On the other hand, Boyd (1995) found that combining both roles in one person is associated with higher profitability. In contrast Rechner and Dalton (1991) found that combining the roles of a chairman and CEO reduces profitability whereas Baliga et al (1996) found no effect on performance. Based upon the findings of all the above studies, the researchers believe that the separation of CEO and chairman positions is important for better management of the company and possible control effectiveness over the business operations.

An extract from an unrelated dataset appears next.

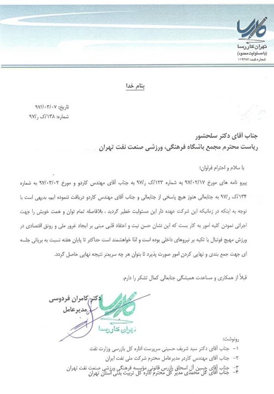 به گزارش تسنیم, در تصویر زیر نامه آخرین مالک باشگاه نفت تهران ( شرکت تهران کار رسا) که برای پیگیری وضعیت این باشگاه به مجمع باشگاه نفت ارسال شده را مشاهده میکنید:
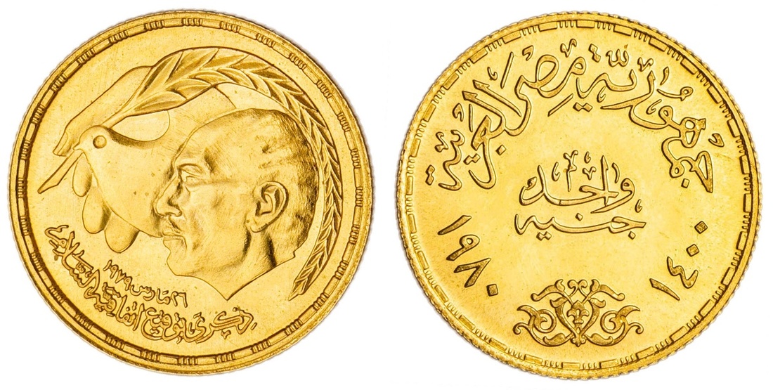 Egypt. Arab Republic. Gold Gin'ey (Pound), AH 1400 - 1980. Egyptian-Israeli Peace Treaty. Anwae Sadat head left with dove of Peace and palm frond quill, rev. Value flanked by dates, gamhuriyya misr al-`arabiyya above, arabesque below. KM 509. 9,500 pieces minted. Brilliant Uncirculated.

The board of directors is seen as an internal mechanism whose main duties are to take some of the major decisions on behalf of shareholders and to align owners’ incentives with the management by ensuring that the management behaviour is consistent with the owners’ interest. In a research study by Butler (1985) he found that board of directors dominated by outside directors are more likely to behave in shareholders’ interest. However this was not always the case as Holl (1975) found insignificant differences. Other studies such as the one made by Faccio and Lasfer (1999) found no specific relationship between board ownership and firm value in general. This was also confirmed in US in a study by Hermalin and Weisback (2003) as they found no association between firm performance and board composition.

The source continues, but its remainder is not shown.